The law did not give life to Israel. Instead, it regulated the life of Israel. The Judaizers taught that the law was necessary for life and righteousness. Paul is saying that they are in error. The work of the guardian was preparation for the child's maturity. Once the child came to maturity, he no longer needed this guardian. For the law was a preparation for the nation of Israel until the coming of the promised Seed, Jesus Christ.

Fourth, in Galatians 3:27-29, Paul declares that the Law cannot do what the Promise can do.

Paul concludes this logical argument by reminding us that we are all sons and daughters of God through faith in Jesus Christ. By our baptism we have been clothed with Christ, literally laying aside the dirty garments of sin and being clothed in fresh clean garments of Christ's righteousness on our behalf.

When a Roman child came of age, he took off his childhood garments and put on the toga of adult citizenship. Paul is saying, "Why in the world are you taking off your adult toga and putting on children's clothes?"

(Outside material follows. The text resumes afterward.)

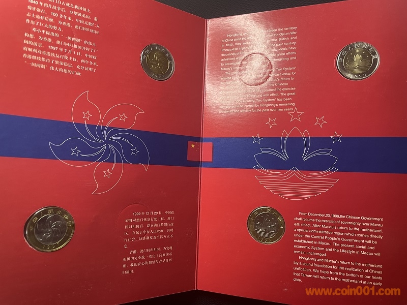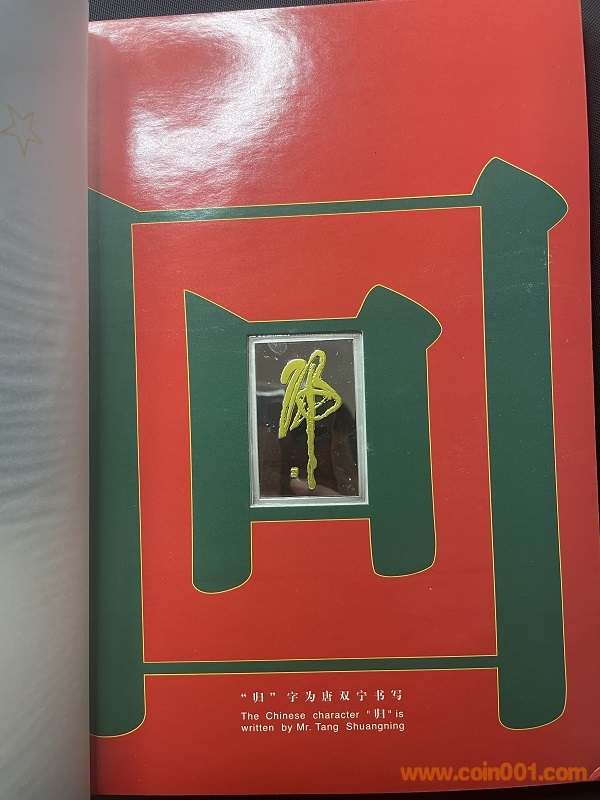 香港澳門(mén)回歸紀(jì)念冊(cè),正宗康銀閣出品本冊(cè)為正宗北京康銀閣錢(qián)幣裝禎公司發(fā)行,發(fā)行量較少,全國(guó)僅5萬(wàn)冊(cè),有收藏證書(shū),記錄了香港澳門(mén)的回歸歷程,內(nèi)含全新香港、澳門(mén)回歸紀(jì)念幣各一套,一共四枚,面值總計(jì)40元,鄧字紀(jì)念銀章一枚,原廠封裝杜絕了紀(jì)念幣流轉(zhuǎn)過(guò)程中氧化現(xiàn)象,也便于普通愛(ài)好者的儲(chǔ)存和觀賞。他不同于裸幣,有著十分珍貴的收藏價(jià)值!
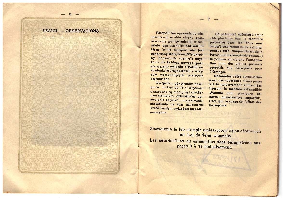 - dowód osobisty – paszport RP 1930 r str 6-7 Michał Legeżyński

Then he concludes with that gargantuan statement about the oneness we have in Christ Jesus. He declares: "There is neither Jew nor Greek, slave nor free, male nor female, for you are all one in Christ Jesus. If you belong to Christ, then you are Abraham's seed, and heirs according to the promise" (Galatians3:28).

A first-century Pharisee would pray each morning, "I thank Thee, God, that I am a Jew, not a Gentile; a man, not a woman; and a free man, not a slave."

Aristotle declared that only a comparatively few people could really live worthwhile lives. He named four classes who never could. Slaves could not, for they're the tools of other men. Those who die young could not, for they've not lived long enough to achieve true happiness. Those who are diseased could not, for they are necessarily miserable. Paupers could not, for they do not have sufficient of this world's goods. Take these four classes from first century society or any society and how many would you have left?

Perhaps now you get a feel for what grace can do in an individual life and a society when such narrow restrictions are removed. That is why we say the ground is level at the foot of the cross. That is why, in the chauvinistic society of the first century, the Apostle Paul spoke words of liberation, freedom in Christ.

For God's sake and yours, let's let the mirror show us our need of the cleansing blood of Jesus Christ.

Let's let the guardian escort us into spiritual maturity.

Let's see the Law as a vehicle to Grace and the freedom which is ours in Jesus Christ, not the end in itself.